Negocjacje między Ukrainą a Rosją nie przyniosły oczekiwanego przełomu, chociaż strony zgodziły się na nowe wymiany więźniów. Jednak ton oświadczenia delegacji rosyjskiej jest problemem - podkreślił, że odmowa kompromisu Kijów „doprowadzi do nowych strat terytorialnych”.
O tym donosi o Wall Street Journal.
„Chcemy pokoju. Ale jeśli Ukraina nadal będzie działać w ukraińskich urzędnikach postrzegają to jako próbę przeniesienia odpowiedzialności za wojnę na Kijw, która od dawna jest częścią retoryki Kremla.
Według negocjacji ukraińskich, chociaż Medinsky odgrywa rolę w koordynacji więźniów, bardziej przypominał propagandystę w negocjacjach w Stambule niż dyplomata. Wielokrotnie próbował używać historycznych przykładów z przeszłości, aby uzasadnić pozycję Rosji - taktyka na Ukrainie jest uważana za manipulację.
„Ciągle uciekał się do wątpliwych interpretacji historii, próbując naciskać na naszą delegację” - powiedzieli rozmówcy bliscy procesu negocjacji.
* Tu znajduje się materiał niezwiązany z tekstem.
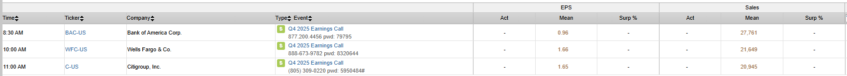 - BAC, C, WFC — Reporting Q4 earnings today.
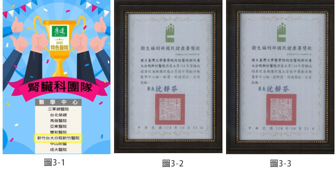 除了控制三高(高血糖、高血壓、高血脂)外,應積極從日常生活中落實護腎行為,如戒菸、規律運動(建議每週達150分鐘以上的中度身體活動),和維持理想體重(BMI介於18.5至24.9kg/m2之間)。要養成良好的營養飲食習慣,採取均衡飲食,並配合醫護團隊提供的健康飲食衛教諮詢。對於慢性腎臟病的高風險族群,應特別注意避免吸菸、體重過重、長期使用止痛藥(如NSAIDs)或具潛在腎毒性的藥物,最好減少使用草藥的機會。 五、本院推廣成效及肯定 (一)榮獲2025年康健雜誌評選為醫學中心之特色醫院(圖3-1)。
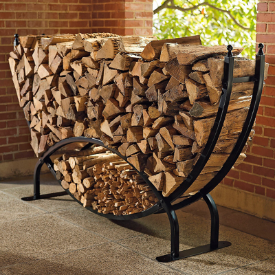 Our heavy-duty Log Racks are built like a bridge to stay stable under up to a ton of firewood. The sleek, architectural design means you wont have to hide it in the back of the yard - keep it close to home by the patio or deck.Superior engineering and construction renders this two-section rack safe and stable, no matter how unevenly logs are stacked on the top section. Built to Frontgates exacting specifications of 14-gauge 1-3/4" steel. Below, theres ample space for kindling and smaller logs. Elevated to keep wood insect-free and dry for faster lighting and more efficient burning. Legs have been slightly angled to provide more support. Assembly required; view instructions. To prevent injuries or damage to item, recommended team lift (two or more people) for furniture placement . Standard holds 1/8 cord, supports 1,700 pounds. Estate holds 1/4 cord, supports over 2,200 pounds.
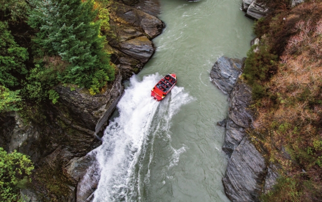 Via bus or rental car, you can continue to Queenstown and a final set of extreme adventures that could potentially include the fabled Kawarau Bridge bungee jump, tandem skydiving over Lake Wakatipu, flying high above a local canyon on the Nevis Canyon Swing or zipping up a raging river on the Māori-owned Shotover Jet boat.
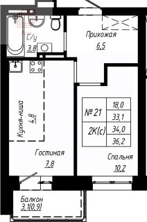 34 м²
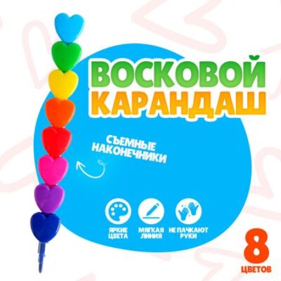 Карандаш восковой «Сердечко», набор 8 цветов. Набор восковых мелков «Сердечко» — это творческое решение для рисования и развлечения. В комплекте вы найдете 8 разноцветных фигурных мелков, которые подойдут для детского творчества дома, в школе или на отдыхе. <b> Преимущества</b> <ul> <li> Удобная фигурная форма делает мелки интересными и приятными для детских рук.</li> <li> Яркие цвета вдохновляют на создание уникальных рисунков и поделок.</li> <li> Мелки изготовлены из качественной пастели на основе воска, что обеспечивает плавное нанесение цвета на бумагу.</li> <li> Компактная упаковка — удобно брать с собой.</li> </ul> Идеально подходят для рисования, раскрашивания и создания декоративных элементов. Набор станет отличным вариантом для детского творчества, развития мелкой моторики и фантазии. <b> Преимущества</b> <ul> <li> Простота в использовании для детей всех возрастов.</li> <li> Эстетичный дизайн и привлекательные формы мелков.</li> <li> Отсутствие штрихкода делает их отличным выбором для индивидуального использования.</li> </ul> Создайте атмосферу творчества и радости с набором восковых мелков «Сердечко»!
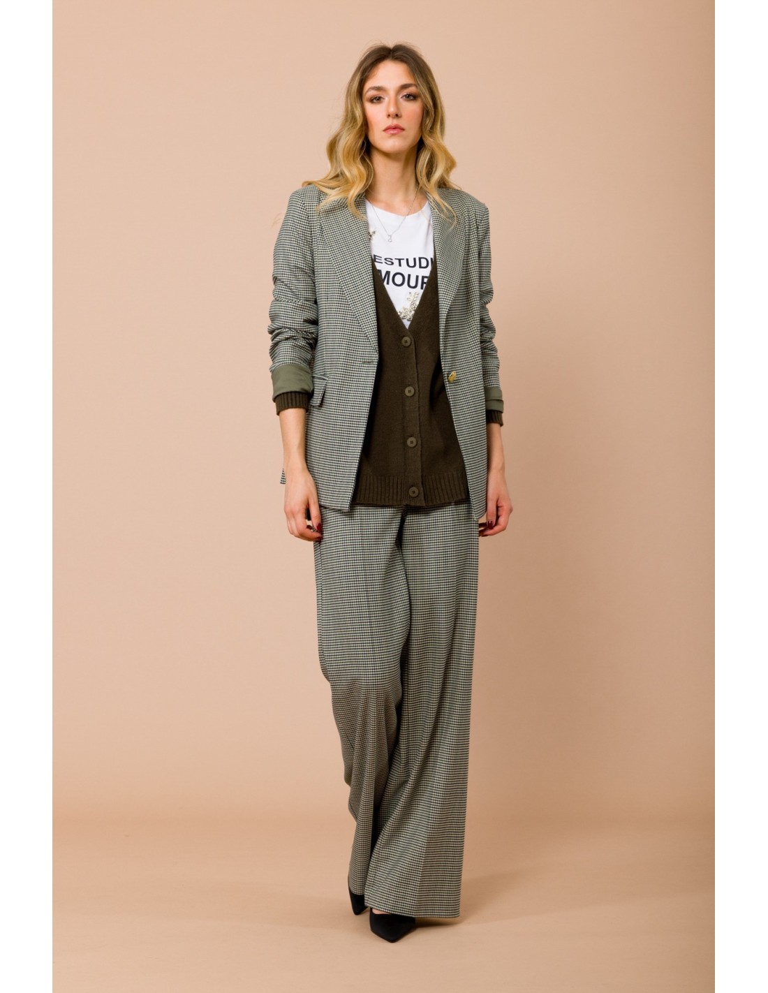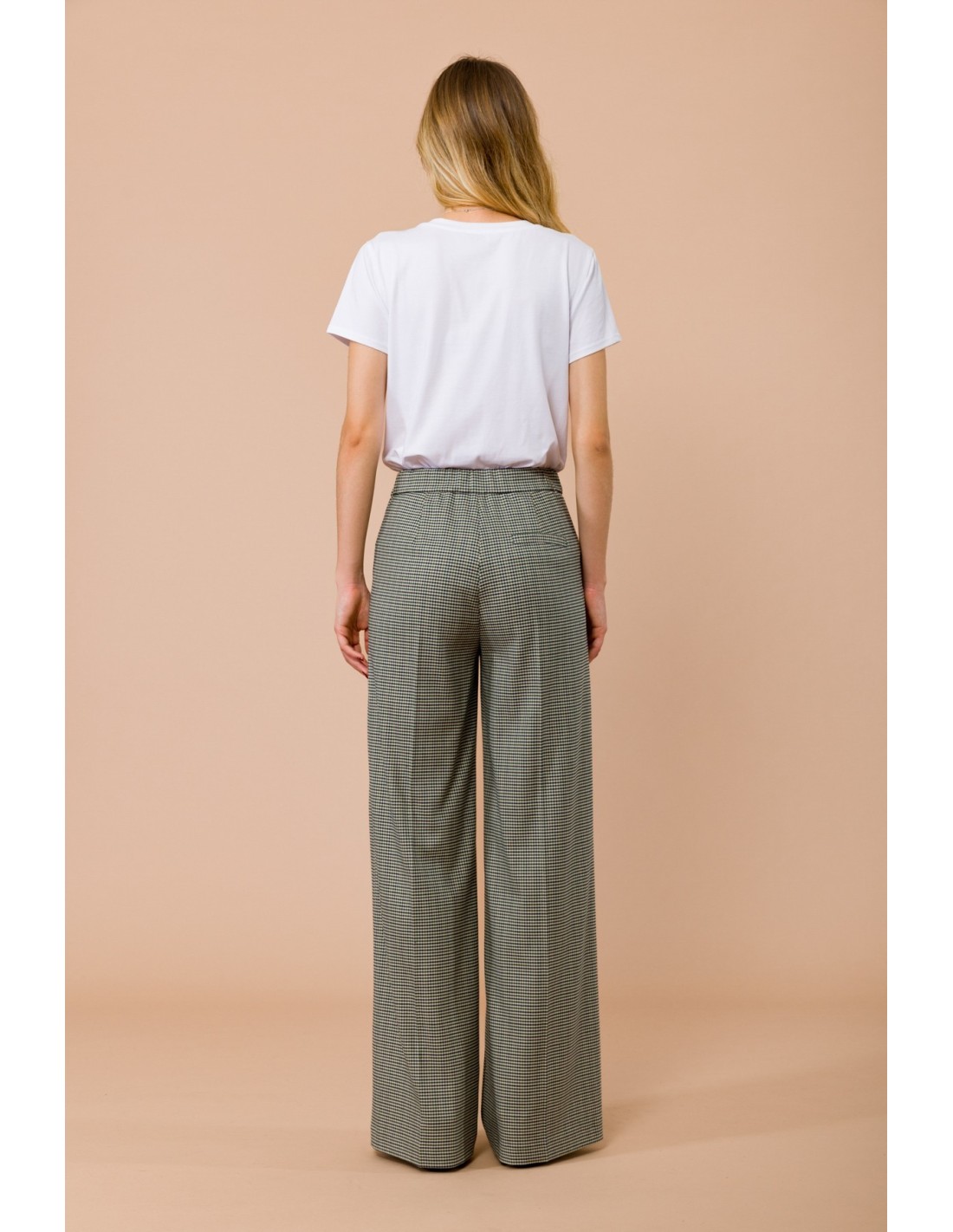 Maryley assina umas calças largas com um corte macio e esguio. Tecido leve em micro pied-de-poule, confortável e fluido. Cintura com elástico na parte de trás para um ajuste que acompanha os movimentos, bolsos à francesa e fecho frontal limpo. Perfeito para o escritório e para o daily chic.

Komplikuje to sytuację i stanowisko byłego prezydenta USA Donalda Trumpa, który nieoczekiwanie stwierdził, że „dwie strony mogą mieć czas”. To, według źródeł, skomplikowało poszukiwanie kompromisu.
Oficjalny Kijowa podkreśla, że nie widzi w Moskwie prawdziwą pragnienie osiągnięcia pokoju.
„Rosjanie nie chcą pokoju. I nie potrzebujemy Medinsky'ego, aby to udowodnić” - powiedział doradca rządowy i były minister obrony Andriy Zagorodniuk.